It’s evening and at the first-floor BJP office in the crowded market in Jetpur, party workers unwind amid the constant ringing of cellphones. The campaign is hurtling on at full speed in this part of Gujarat, which goes to polls in the second phase on December 16. “This time,” says taluka general secretary Alpeshbhai Soni, “Narendrabhai (Modi) is fighting on the plank of vikas (development).” Then he reels off figures of funds released by the Modi Government for development in this tribal-dominated area, most prominently under the ‘Van Bandhu Kalyan Yojana’.
But in Jetpur in Vadodara district, the BJP’s choice of candidate may be more evocative than its rhetoric. The party has denied the ticket to its incumbent MLA, who wrested the Pavi-Jetpur seat for the party in this Congress bastion. The Congress’s Mohansinh Rathwa had been elected MLA since 1971 for seven successive terms before he lost in 2002.
This time, the BJP candidate is a newcomer, Jayantibhai Rathwa. His calling card: he is implicated in several cases of the communal violence in 2002. “Jayantibhai helped the rioters,” says Alpeshbhai. “That’s why he is famous here, for his fight for Hindu dharma”.

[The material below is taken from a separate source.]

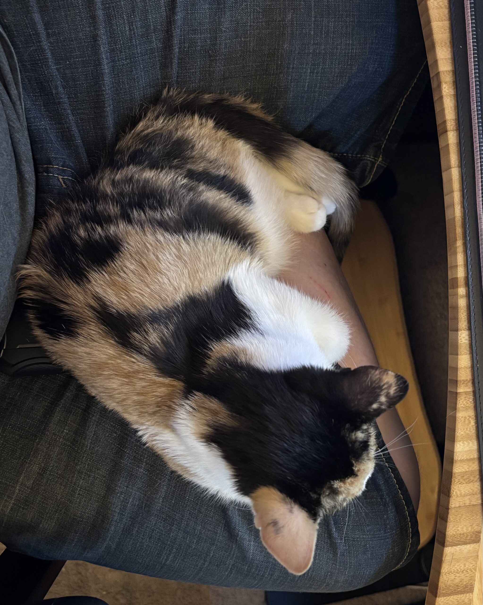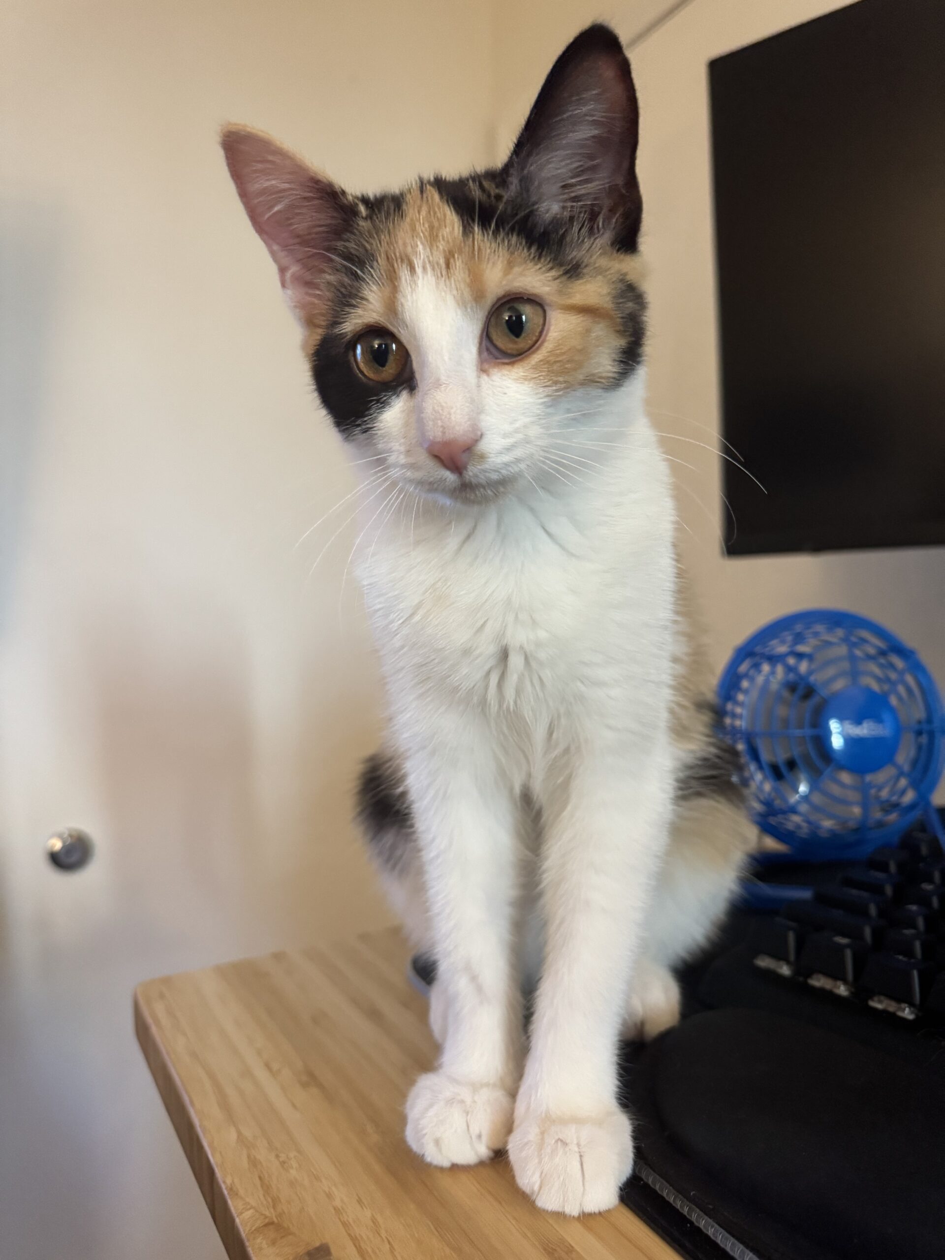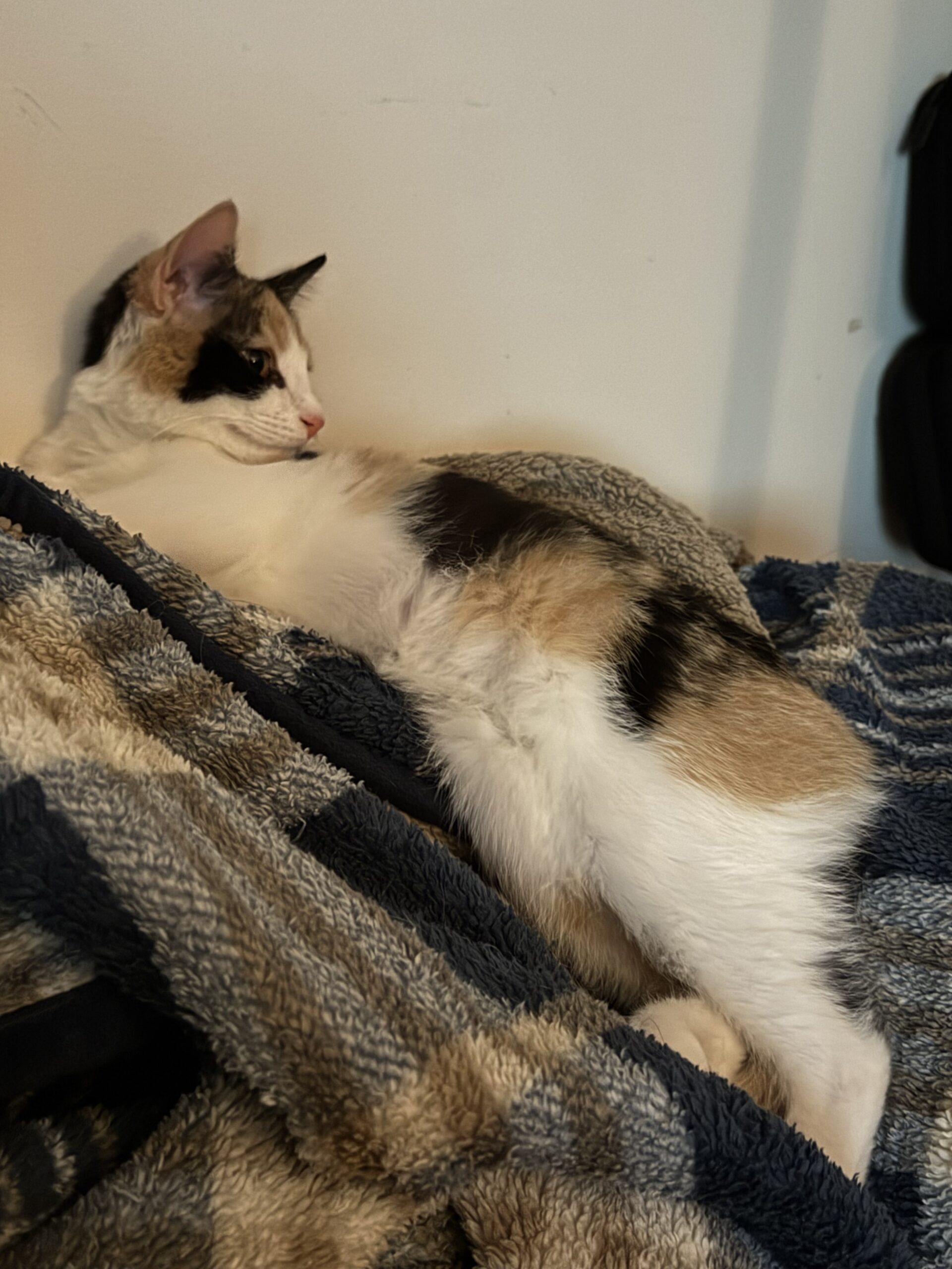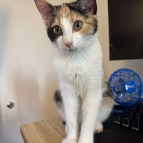 Kumori, which means “cloudy” in Japanese, was named for her patches of color. She’s a sweetheart and enjoys cuddles and pets, often sleeping nearby or in a lap. She prefers her own space with other pets but can peacefully coexist; playing with toys, investigating, and exploring are better activities for her. She would probably do best with older or calmer pets and children.

The Pavi-Jetpur seat is one of the 15 seats, most of them tribal-dominated, that the BJP won in 2002, the first election after the communal violence that year. Congress and BJP workers, even the man at the tea shop will tell you that this area was awash in a Hindutva wave in 2002. The political fallout of the communal violence is said to have been particularly dramatic in two districts—Panchmahal, in which Godhra is located, and adjoining Vadodara.